Елизавета тревожно близко подошла к состоянию истерики. В ее голосе зазвучали неожиданно резкие нотки, в стекленеющих зеленых глазах зрачки сократились до мерцающих пугающих точек. Прильнув к Томасу, она болезненно царапала его ногтями, вынудив, в итоге, молодого человека оторвать свои руки от материнских. Крайне встревожившись, он бормотал слова утешения, умиротворяюще произнеся: 'Я знаю только, что Эдвард еще очень молод, матушка, но он способный парень, его с самого рождения воспитывали будущим королем. И он позволит нам давать ему советы, если вы, Энтони и я...'

Елизавета покачнулась. 'Ты в этом уверен? Тогда есть нечто, что тебе стоит послушать. Вечером Нед вызвал своих душеприказчиков, сделав дополнения к последней воле. Мне сказать тебе, что он прибавил, Том? Нед все оставил брату! Прости ему Господь, но он назначил Глостера Охранителем королевства!'

Пока Томас явно ужасался материнским откровениям, он не видел в них той безжалостной катастрофы, которую Елизавета несомненно боялась. Молодой человек и помыслить не мог, чтобы семья уступила бразды правления герцогу Глостеру. Не станут Вудвиллы этого делать. С его точки зрения вопрос решался просто. Если что и пугало, то дело заключалось в неуравновешенном состоянии материнской нервной системы. Томас никогда не видел ее в таком виде. Привычный мир начал шататься, вероятность смерти отчима поразила юношу в самое сердце, поколебав самое надежное и прочное, что было в жизни, чуть менее пробирало до костей наблюдение обезумевшей от непонятного ему до конца страха Елизаветы.

'Матушка, знаю, вы переволновались, поэтому не продумали ситуацию в деталях. Глостер мог получить полномочия регентства, зато у нас есть нечто значительно весомее...доверие юного короля.

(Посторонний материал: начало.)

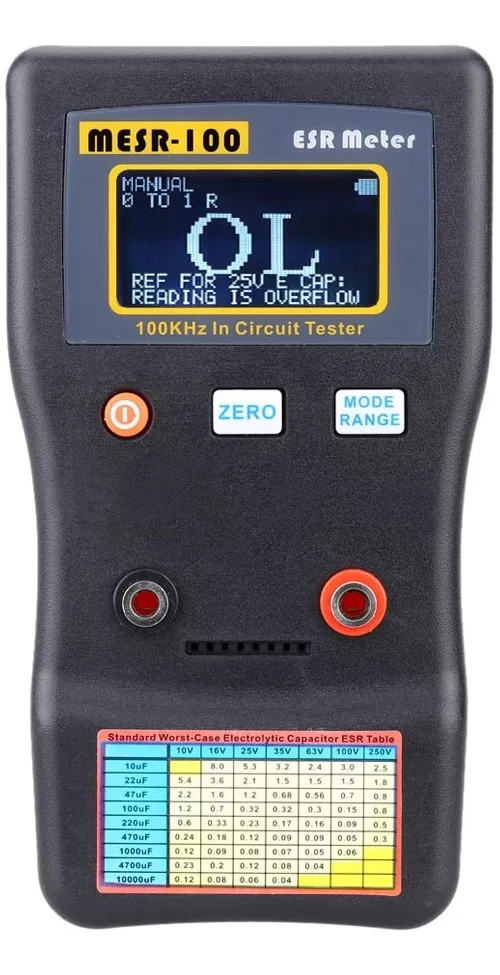 Dual terminal, for quick and easy inspection of the capacitor’s internal resistor, a printed ESR table for quick verification.

К кому, по-вашему, обратится Эдвард? К вам, его матери, и к Энтони, дяде, занимавшему пост воспитателя и опекуна принца в течение последних десяти лет! Вы сомневаетесь в моих словах? Для Эдварда Глостер чужой, и, будьте уверены, Энтони не давал ему поводов, чтобы полюбить герцога. Разве вы не понимаете? Победа в наших руках!'

Дыхание Елизаветы замедлилось, превратившись в короткие сдавленные рыдания. 'Ты не понимаешь! Господи милостивый, если бы ты только знал!'

'Знал что? Чего я не понимаю? Ответьте, матушка!'

Она отпрянула, качая головой. 'Том, я не могу', - прошептала Елизавета. 'Помоги мне Господь, но я не могу'.


Дышать стало практически невыносимо. Каждый раз, втягивая воздух в легкие, Эдвард ощущал, будто в его грудь погружается лезвие ножа. К телу прилипла влажная простыня, и он совершил слабую попытку выбраться из ее липких складок, лишь тут же натолкнувшись на крепко сомкнувшиеся вокруг него руки. Лихорадка беспрепятственно трепала королевскую плоть уже третий день, сопротивляясь шалфею и вербене, обтираниям губкой и молитвам, заставляя тело почти буквально сгорать.

Над кроватью склонился доктор Хоббис. Бедный старый Хоббис. Воистину он казался похожим на воплощение жертвы гнева Господня. Словно каким-то образом вина за происходящее лежала на нем.

'Ваша Милость, прошу, даже не пытайтесь заговорить. Поберегите силы'.

Чего ради? Но шутке этой никогда не появится на Свет Божий. Эдвард слишком устал, чтобы говорить, ему стоило чудовищных усилий воли лишь держать открытыми глаза, не позволяя себе соскользнуть во тьму сонной измученности, обещавшей прекращение мук.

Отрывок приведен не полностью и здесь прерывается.